=== What this task involves ===
Every line of the material needs an exact copy, apart from the images.

=== Data excerpt ===
*** Begin section ***

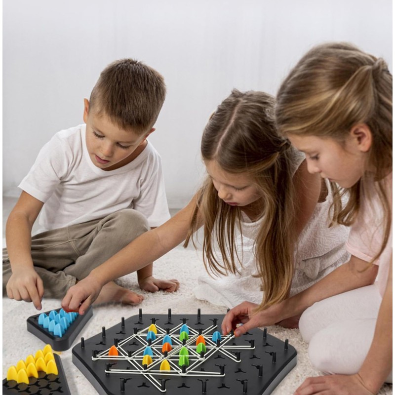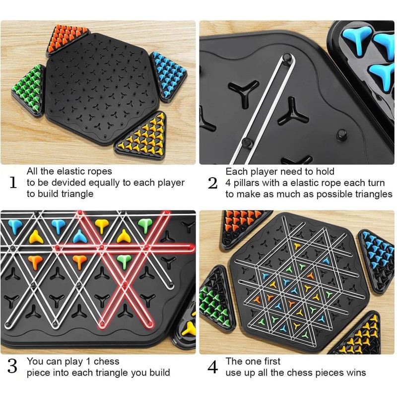 - Playing style: all elastic ropes that are evenly distributed to each player to build a triangle. Each player must hold four pillars with an elastic rope to make as much triangles as possible. You can play a chess piece into any triangle you build. Whoever consumes all chess pieces first wins
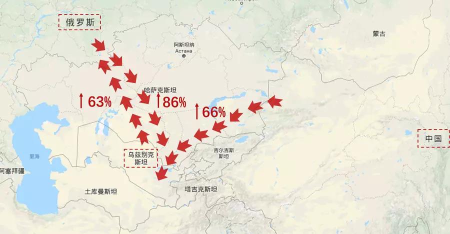 據(jù)介紹,這種大幅增長主要表現(xiàn)在南向與哈薩克斯坦接壤的烏茲別克斯坦的進(jìn)出境上。中國→烏茲別克斯坦之間的交通運(yùn)輸量增長了66%,而俄羅斯→烏茲別克斯坦的交通運(yùn)輸量增長了86%,烏茲別克斯坦→俄羅斯的運(yùn)輸量增長了63%。(見下圖)
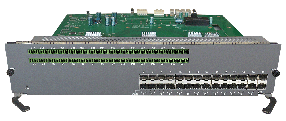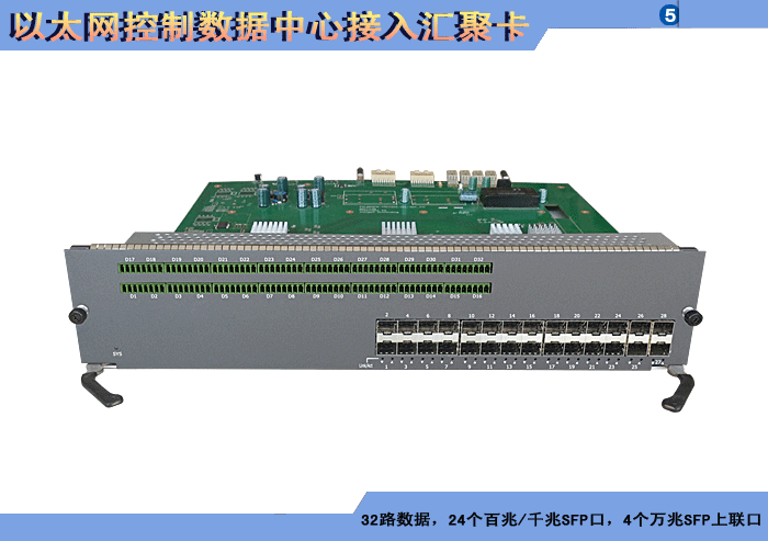 32路以太網(wǎng)控制數(shù)據(jù)中心接入?yún)R聚卡,4/8/16/24個百兆/千兆 SFP口,1/2/4個萬兆SFP上聯(lián)口,L2/L3層交換,RS-485/232/422/CAN/Profibus/Lonworks/IO開關(guān)量控制數(shù)據(jù)可選,可堆疊,背板供電,19英寸1/2/3/4插卡,通用型/工業(yè)型。 |

*** End section ***

=== Reply ===
 - Playing style: all elastic ropes that are evenly distributed to each player to build a triangle. Each player must hold four pillars with an elastic rope to make as much triangles as possible. You can play a chess piece into any triangle you build. Whoever consumes all chess pieces first wins
 據(jù)介紹,這種大幅增長主要表現(xiàn)在南向與哈薩克斯坦接壤的烏茲別克斯坦的進(jìn)出境上。中國→烏茲別克斯坦之間的交通運(yùn)輸量增長了66%,而俄羅斯→烏茲別克斯坦的交通運(yùn)輸量增長了86%,烏茲別克斯坦→俄羅斯的運(yùn)輸量增長了63%。(見下圖)
 32路以太網(wǎng)控制數(shù)據(jù)中心接入?yún)R聚卡,4/8/16/24個百兆/千兆 SFP口,1/2/4個萬兆SFP上聯(lián)口,L2/L3層交換,RS-485/232/422/CAN/Profibus/Lonworks/IO開關(guān)量控制數(shù)據(jù)可選,可堆疊,背板供電,19英寸1/2/3/4插卡,通用型/工業(yè)型。 |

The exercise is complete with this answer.